• **Activity**: Please return only the lines from the one with "Авторские цветочные композиции" through the final line of the data, unchanged, with pictures omitted.

• **Collected material**:
==========

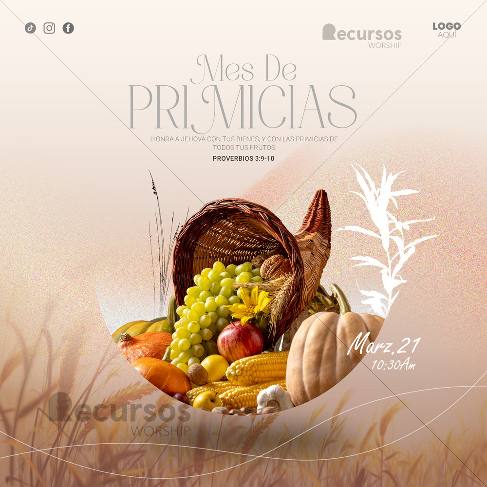Descubre esta hermosa Plantilla de Primicias, abundancia de cosechas editable para iglesia plantilla cuadrada para redes. Diseñada con una cornucopia para transmitir calidez, esta gráfica de alta calidad resalta elementos de la cosecha. Perfecta para redes y servicios de ofrenda.
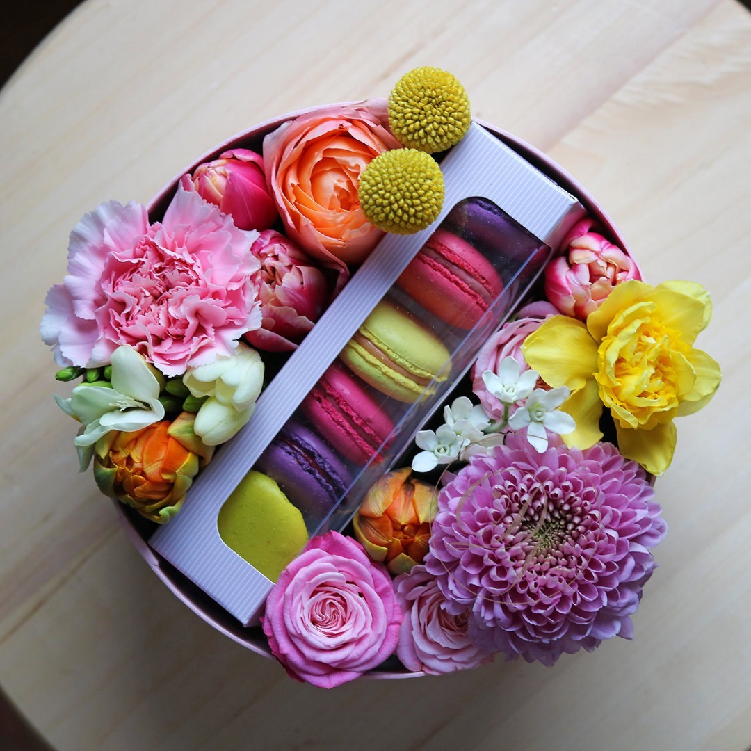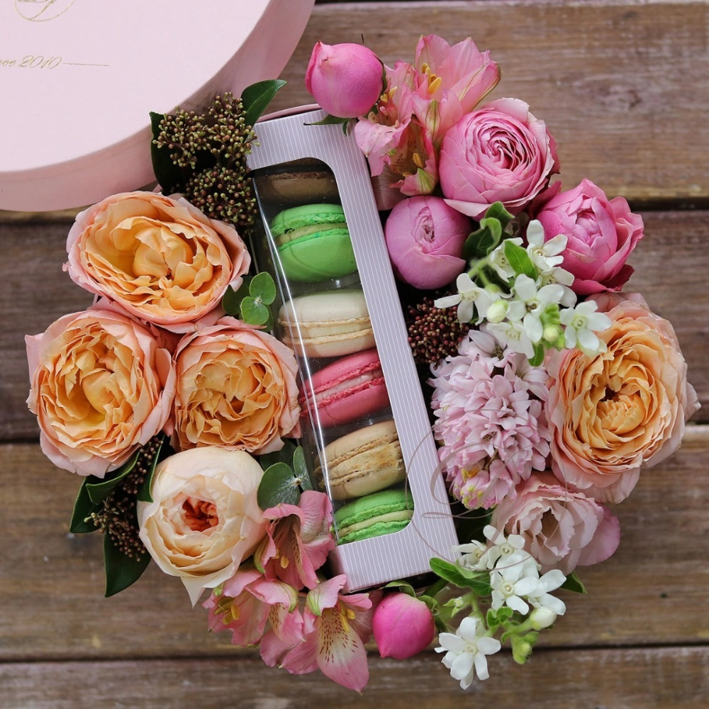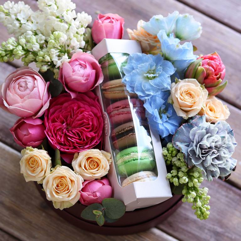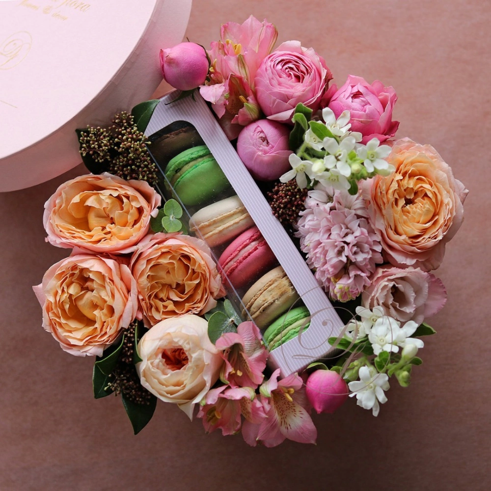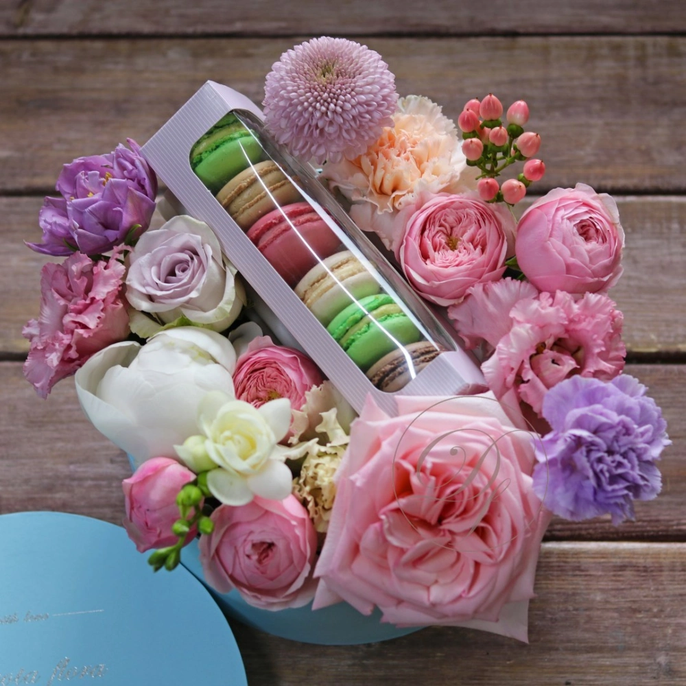 Авторские цветочные композиции в элегантных коробках различных форм, цветов, размеров, с добавлением сладостей в виде: баночки меда peroni, французских пирожных macarons, имбирных пряников и свежих ягод.
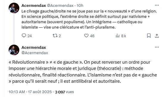 1/ Affirmer que l'islam(isme) serait d'extrême-droite ne sert qu'à rejeter à droite tout ce qui est mal, afin de défendre la fiction absurde selon laquelle la gauche serait le Bien.
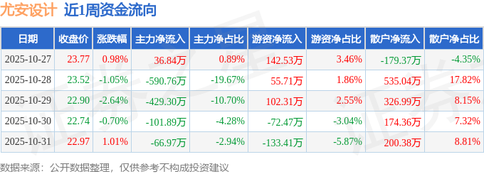 资金流向数据方面,本周尤安设计主力资金合计净流出1152.08万元,游资资金合计净流入94.68万元,散户资金合计净流入1057.4万元。本周资金流向一览见下表:

==========

• **Reply to the task**:
 Авторские цветочные композиции в элегантных коробках различных форм, цветов, размеров, с добавлением сладостей в виде: баночки меда peroni, французских пирожных macarons, имбирных пряников и свежих ягод.
 1/ Affirmer que l'islam(isme) serait d'extrême-droite ne sert qu'à rejeter à droite tout ce qui est mal, afin de défendre la fiction absurde selon laquelle la gauche serait le Bien.
 资金流向数据方面,本周尤安设计主力资金合计净流出1152.08万元,游资资金合计净流入94.68万元,散户资金合计净流入1057.4万元。本周资金流向一览见下表:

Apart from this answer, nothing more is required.